Dataset excerpts -

________________________

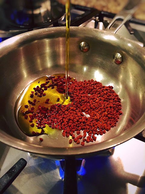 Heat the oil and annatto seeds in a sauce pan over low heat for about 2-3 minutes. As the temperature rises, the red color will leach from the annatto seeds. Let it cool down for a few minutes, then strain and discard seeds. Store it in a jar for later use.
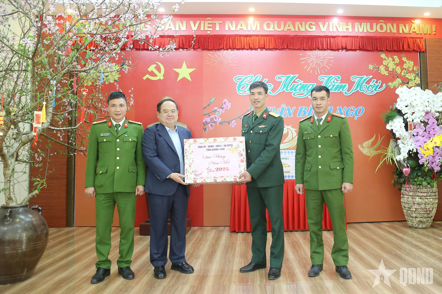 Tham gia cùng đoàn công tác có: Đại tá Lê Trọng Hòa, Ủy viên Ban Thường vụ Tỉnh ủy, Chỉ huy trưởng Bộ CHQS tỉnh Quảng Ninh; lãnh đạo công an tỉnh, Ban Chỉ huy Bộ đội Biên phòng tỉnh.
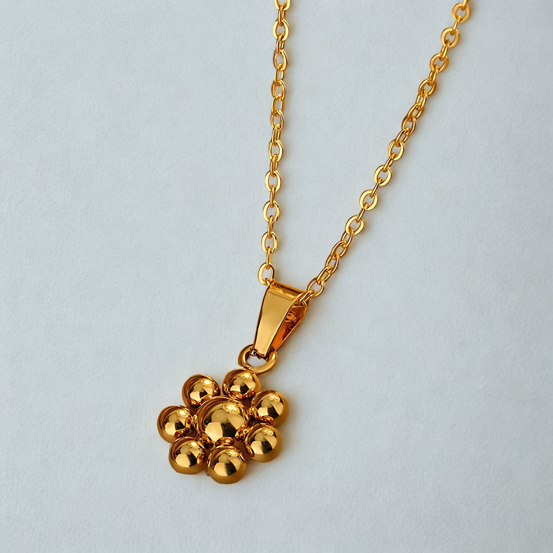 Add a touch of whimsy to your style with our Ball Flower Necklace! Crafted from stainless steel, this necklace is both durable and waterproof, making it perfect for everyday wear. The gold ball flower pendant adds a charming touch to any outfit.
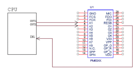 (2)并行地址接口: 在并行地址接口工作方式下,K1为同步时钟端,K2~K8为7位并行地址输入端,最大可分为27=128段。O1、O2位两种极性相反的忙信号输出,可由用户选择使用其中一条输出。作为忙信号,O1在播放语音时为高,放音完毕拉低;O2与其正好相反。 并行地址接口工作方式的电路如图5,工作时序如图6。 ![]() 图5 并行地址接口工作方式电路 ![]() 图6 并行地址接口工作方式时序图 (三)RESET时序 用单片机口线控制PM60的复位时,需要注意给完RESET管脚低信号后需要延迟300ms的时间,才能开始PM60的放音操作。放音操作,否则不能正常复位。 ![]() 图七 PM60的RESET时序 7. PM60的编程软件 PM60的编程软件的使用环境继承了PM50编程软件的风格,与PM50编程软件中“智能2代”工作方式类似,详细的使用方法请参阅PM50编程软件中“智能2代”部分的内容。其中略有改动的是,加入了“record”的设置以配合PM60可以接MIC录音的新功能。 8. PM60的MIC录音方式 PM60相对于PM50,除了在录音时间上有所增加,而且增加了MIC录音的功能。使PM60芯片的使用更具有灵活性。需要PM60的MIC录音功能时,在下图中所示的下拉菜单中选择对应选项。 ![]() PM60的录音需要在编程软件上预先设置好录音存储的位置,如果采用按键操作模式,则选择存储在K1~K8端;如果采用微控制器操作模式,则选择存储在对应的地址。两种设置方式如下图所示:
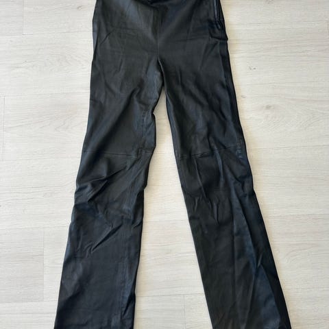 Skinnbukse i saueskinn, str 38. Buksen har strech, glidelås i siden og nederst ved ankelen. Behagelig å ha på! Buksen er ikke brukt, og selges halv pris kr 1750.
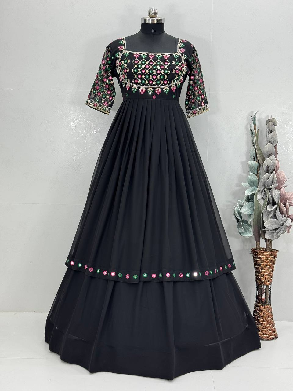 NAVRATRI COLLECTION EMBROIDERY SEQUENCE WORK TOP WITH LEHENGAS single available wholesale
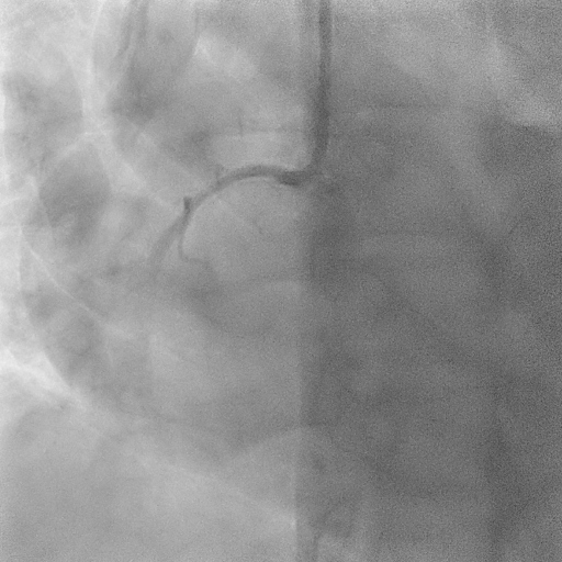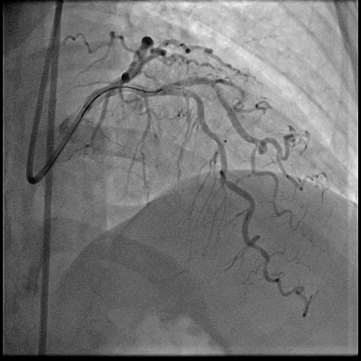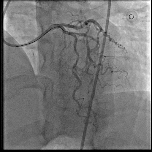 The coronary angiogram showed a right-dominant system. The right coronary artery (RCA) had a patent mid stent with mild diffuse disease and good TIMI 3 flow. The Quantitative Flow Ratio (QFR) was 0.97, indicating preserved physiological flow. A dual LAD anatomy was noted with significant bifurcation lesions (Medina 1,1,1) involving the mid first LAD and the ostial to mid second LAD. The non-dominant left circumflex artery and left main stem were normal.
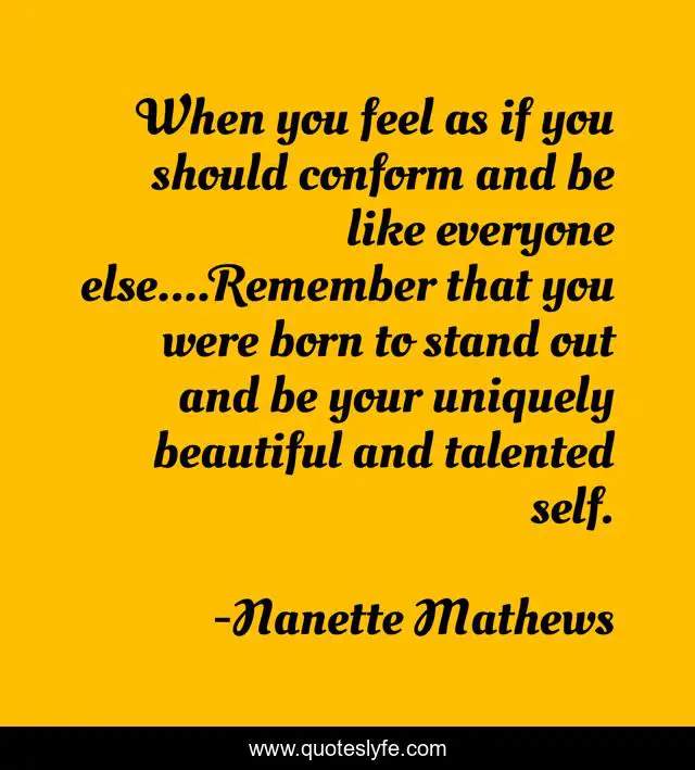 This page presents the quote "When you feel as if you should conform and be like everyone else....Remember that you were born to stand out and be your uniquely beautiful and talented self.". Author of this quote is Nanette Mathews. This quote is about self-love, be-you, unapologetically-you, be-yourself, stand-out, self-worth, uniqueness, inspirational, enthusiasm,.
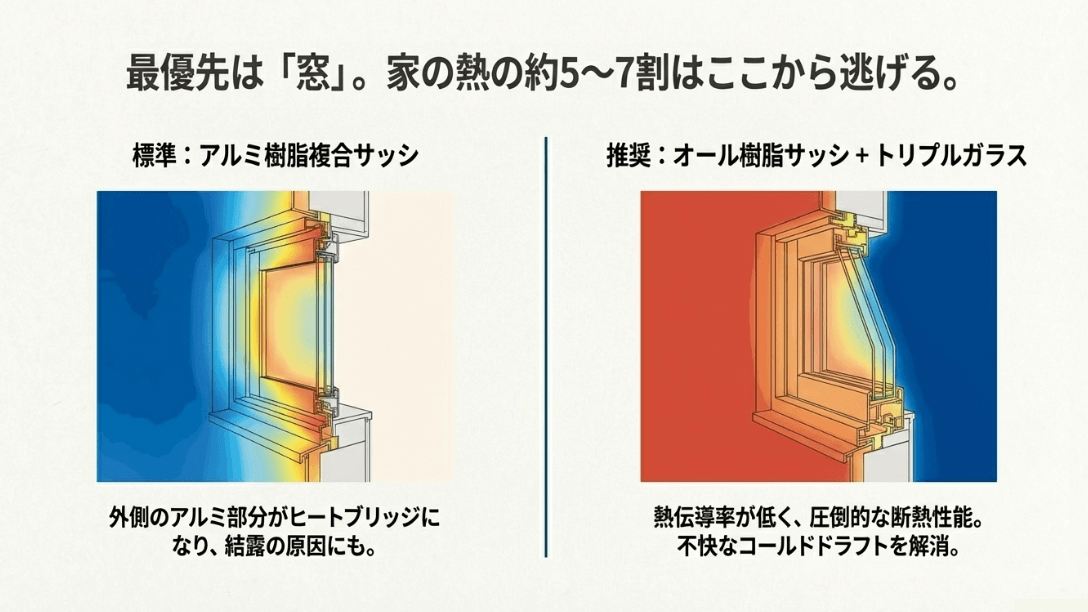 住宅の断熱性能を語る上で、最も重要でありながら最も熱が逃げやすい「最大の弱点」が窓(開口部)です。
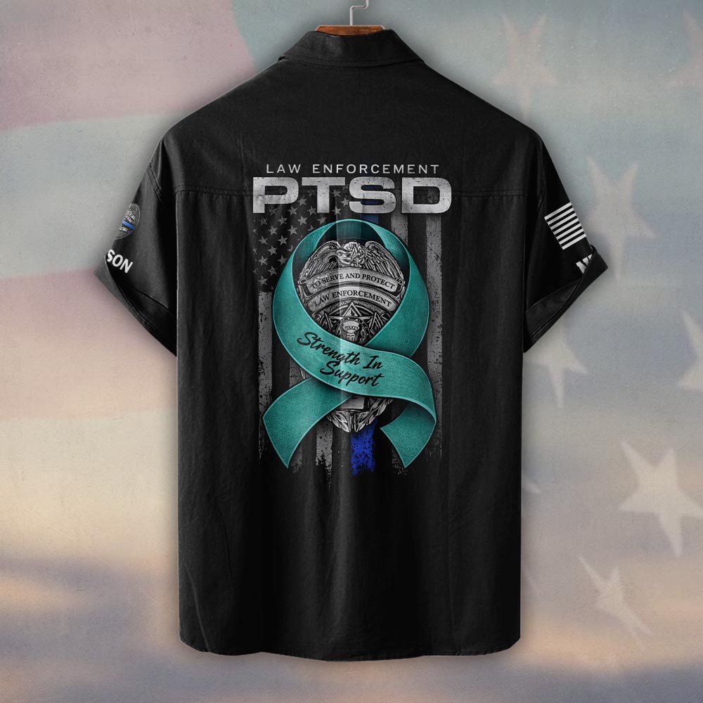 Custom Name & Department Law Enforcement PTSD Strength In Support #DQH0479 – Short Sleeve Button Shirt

________________________

WHAT THE EXERCISE ASKS -
Set down exactly the lines running from the beginning of the entries above to the line that contains "The coronary angiogram", including both, and leave out pictures.

RESULT -
 Heat the oil and annatto seeds in a sauce pan over low heat for about 2-3 minutes. As the temperature rises, the red color will leach from the annatto seeds. Let it cool down for a few minutes, then strain and discard seeds. Store it in a jar for later use.
 Tham gia cùng đoàn công tác có: Đại tá Lê Trọng Hòa, Ủy viên Ban Thường vụ Tỉnh ủy, Chỉ huy trưởng Bộ CHQS tỉnh Quảng Ninh; lãnh đạo công an tỉnh, Ban Chỉ huy Bộ đội Biên phòng tỉnh.
 Add a touch of whimsy to your style with our Ball Flower Necklace! Crafted from stainless steel, this necklace is both durable and waterproof, making it perfect for everyday wear. The gold ball flower pendant adds a charming touch to any outfit.
 (2)并行地址接口: 在并行地址接口工作方式下,K1为同步时钟端,K2~K8为7位并行地址输入端,最大可分为27=128段。O1、O2位两种极性相反的忙信号输出,可由用户选择使用其中一条输出。作为忙信号,O1在播放语音时为高,放音完毕拉低;O2与其正好相反。 并行地址接口工作方式的电路如图5,工作时序如图6。 ![]() 图5 并行地址接口工作方式电路 ![]() 图6 并行地址接口工作方式时序图 (三)RESET时序 用单片机口线控制PM60的复位时,需要注意给完RESET管脚低信号后需要延迟300ms的时间,才能开始PM60的放音操作。放音操作,否则不能正常复位。 ![]() 图七 PM60的RESET时序 7. PM60的编程软件 PM60的编程软件的使用环境继承了PM50编程软件的风格,与PM50编程软件中“智能2代”工作方式类似,详细的使用方法请参阅PM50编程软件中“智能2代”部分的内容。其中略有改动的是,加入了“record”的设置以配合PM60可以接MIC录音的新功能。 8. PM60的MIC录音方式 PM60相对于PM50,除了在录音时间上有所增加,而且增加了MIC录音的功能。使PM60芯片的使用更具有灵活性。需要PM60的MIC录音功能时,在下图中所示的下拉菜单中选择对应选项。 ![]() PM60的录音需要在编程软件上预先设置好录音存储的位置,如果采用按键操作模式,则选择存储在K1~K8端;如果采用微控制器操作模式,则选择存储在对应的地址。两种设置方式如下图所示:
 Skinnbukse i saueskinn, str 38. Buksen har strech, glidelås i siden og nederst ved ankelen. Behagelig å ha på! Buksen er ikke brukt, og selges halv pris kr 1750.
 NAVRATRI COLLECTION EMBROIDERY SEQUENCE WORK TOP WITH LEHENGAS single available wholesale
 The coronary angiogram showed a right-dominant system. The right coronary artery (RCA) had a patent mid stent with mild diffuse disease and good TIMI 3 flow. The Quantitative Flow Ratio (QFR) was 0.97, indicating preserved physiological flow. A dual LAD anatomy was noted with significant bifurcation lesions (Medina 1,1,1) involving the mid first LAD and the ostial to mid second LAD. The non-dominant left circumflex artery and left main stem were normal.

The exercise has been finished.